We have a coded phrase in the LAS, that when spoken on priority or on open mic, will alert whoever is listening that urgent police are required and needed on the hurry up!  It’s used so that attackers don’t obviously know you are calling for help.  Unfortunately, not everyone in the LAS knows about this.
Just so there is continued secrecy to that phrase I have used the phrase, VECTOR VECTOR instead . . . as it’s equally as stupid as the real one.

As the woman sat on the floor screaming, the two men set about beating her again.  This time, I acted instinctively – I’d had enough.  And, rushing forward I placed myself between the screaming woman and the two men.

“Get back!”  I pushed them back a step or two and pressed priority on my radio – nothing.

The two men charged at the same time, one brandishing a walking crutch above his head as if to strike.  This time, with instinct, I open-hand pushed both men away in their faces, pushing one to the floor.

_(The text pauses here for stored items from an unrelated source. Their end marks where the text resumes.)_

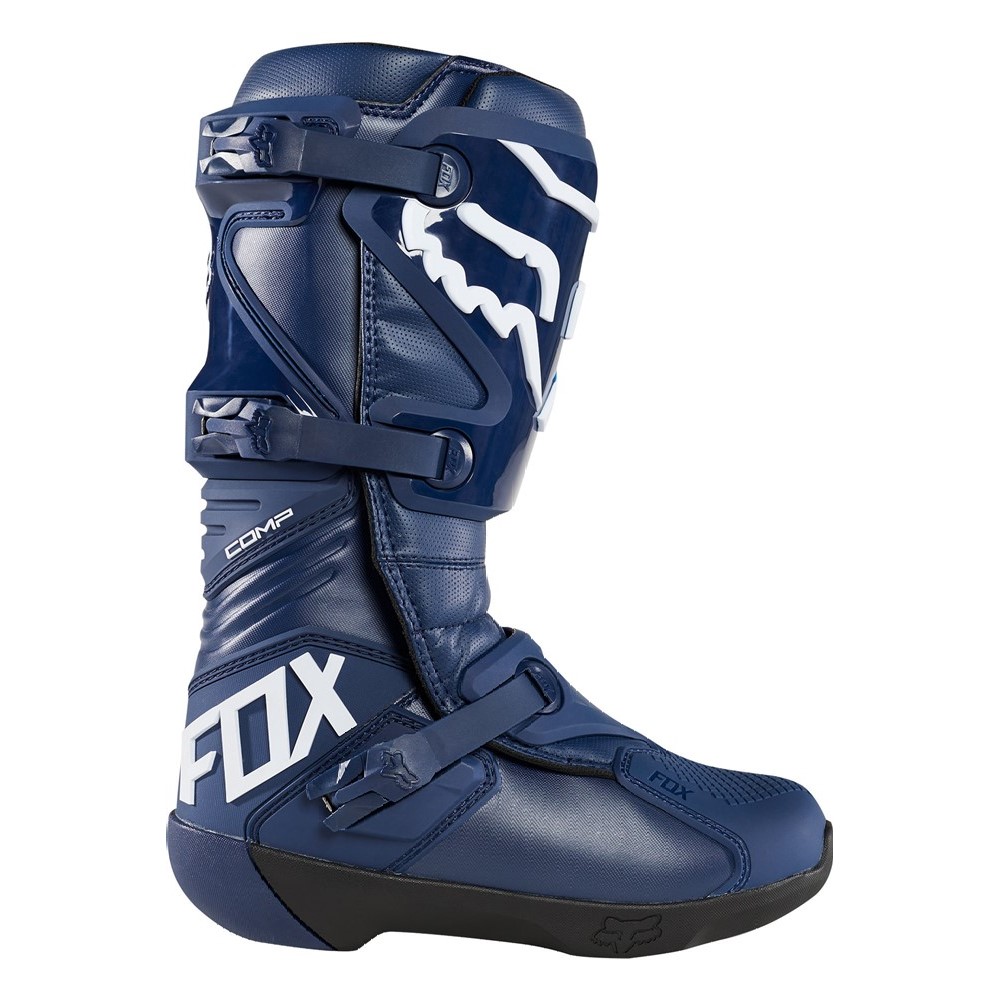 The Fox Comp Boots are the updated motocross boots for the year 2020, positioned as the junior model compared to the professional Fox Instinct. One notable change is in the closures – the fastenings from the Instinct ensure reliable fixation both at the bottom and the top of the leg.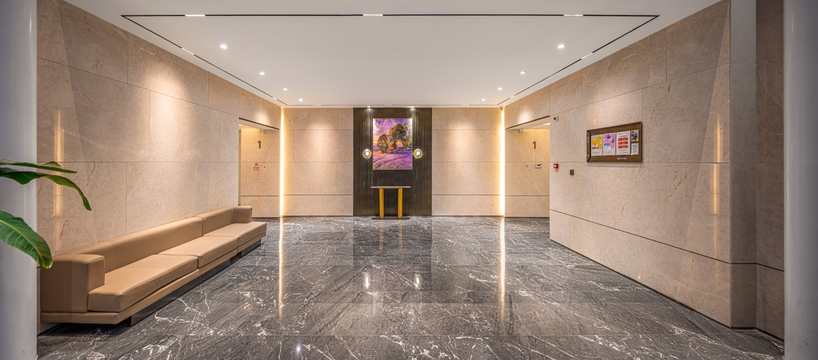 首層單元入戶大堂,同樣以高規(guī)格現(xiàn)代風(fēng)格進(jìn)行精裝,落地玻璃單元大門搭配金屬細(xì)節(jié),呈現(xiàn)明亮、清雅的空間感,大堂空間全鋪設(shè)石材、以藝術(shù)畫(huà)裝點(diǎn),綠植、休息沙發(fā)等也已就位,帶給居者舒適的視覺(jué)享受和品質(zhì)體驗(yàn)。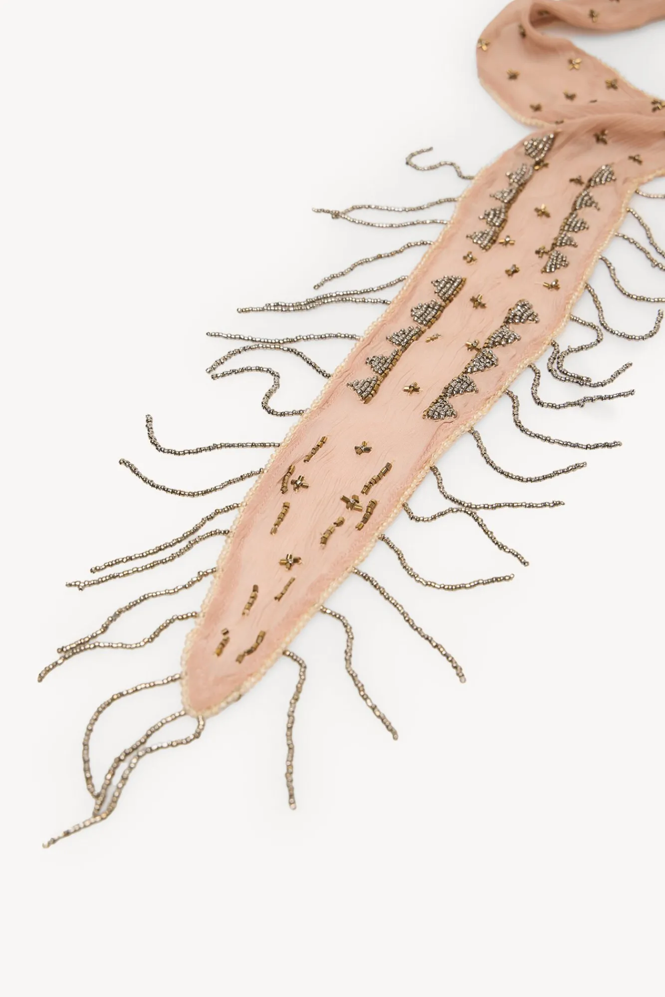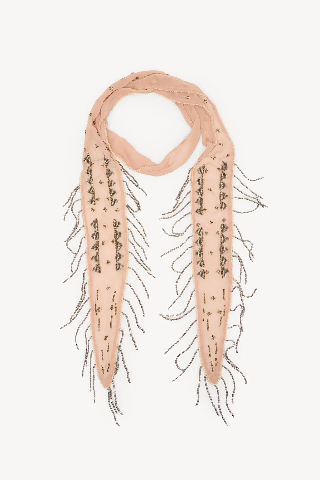 – Fular tipo corbatero bordado con abalorios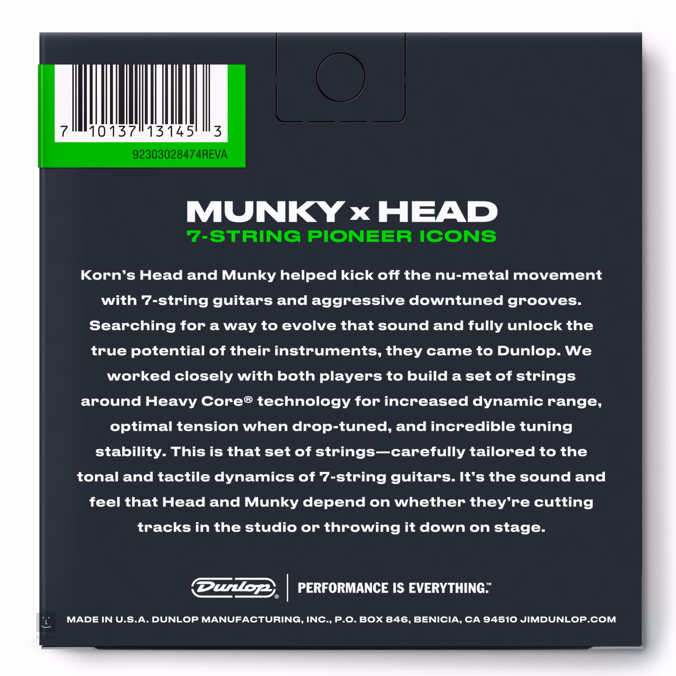 Head a Munky z kapely Korn jsou známí jako průkopníci nu-metalu, který vyhnali na výsluní pomocí sedmistrunných kytar a agresivních podladěných groovů. Firma Dunlop s nimi spojila hlavy dohromady a vytvořila signature sadu strun, která poskytuje větší dynamický rozsah, optimální tenzi i při podladění a neuvěřitelnou stabilitu ladění. Struny vychází ze série Heavy Core. Součástí je také signature trsátko z materiálu tortex.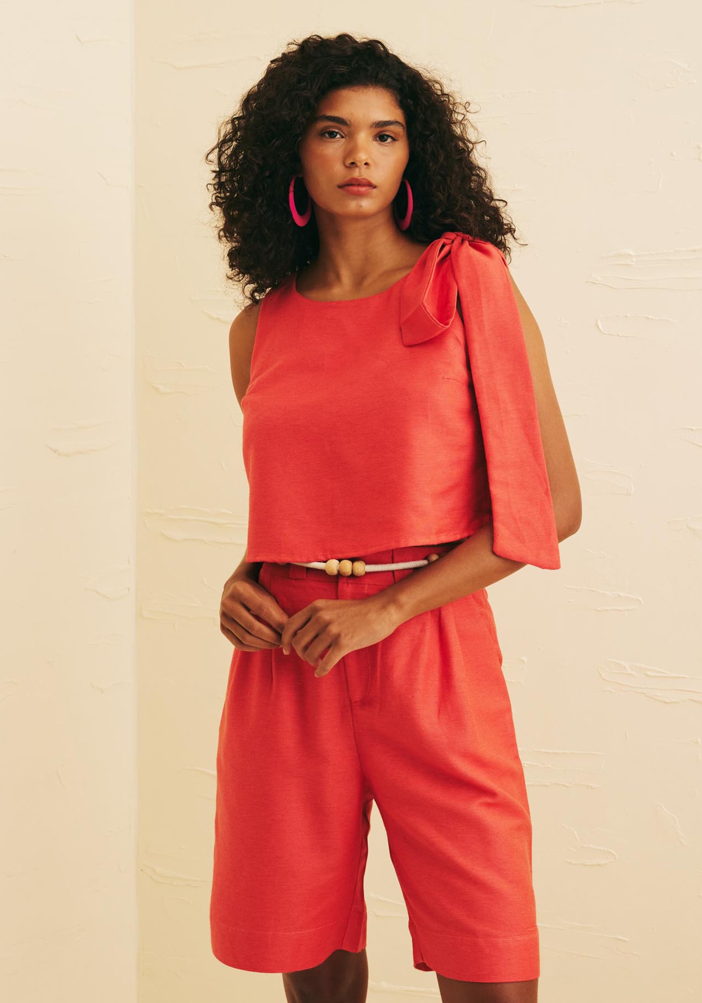 Versátil e elegante, a Bermuda éuma peça que confere praticidade ao seu dia a dia. Apresenta bainha inglesa quetraz um toque sofisticado, cós com passadores e bolsos que conferemfuncionalidade. Sua modelagem reta proporciona conforto e liberdade de movimentoe seu fechamento é em zíper e botão na parte frontal. É confeccionada em tecidode composição 50% Algodão 29% Viscose 15% Modal 6% Linho.
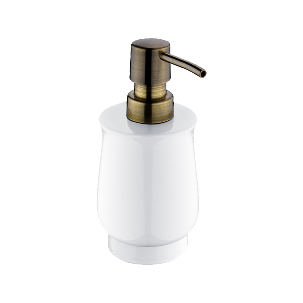 Ceramic soap dispenser. Volume 300 ml. Plastic pump. Antique brass surface finish.

“Get BACK!!!” I shouted and again pressed priority on my radio – nothing again!

I was now consciously aware of the ludicrousness of the situation.  Here I was, maintaining a heroic side ward stance, one hand outstretched to the two men stood, poised ready to pounce either side of me.  Whilst my other hand was outstretched to the woman sat cowering behind me on the floor.  Some might of suggested this was the epitome of chivalry and heroism, like a Mexican standoff . . . but really, this was nothing more than a ridiculous end to a pathetic situation which I really wish I’d never been sent to in the first place!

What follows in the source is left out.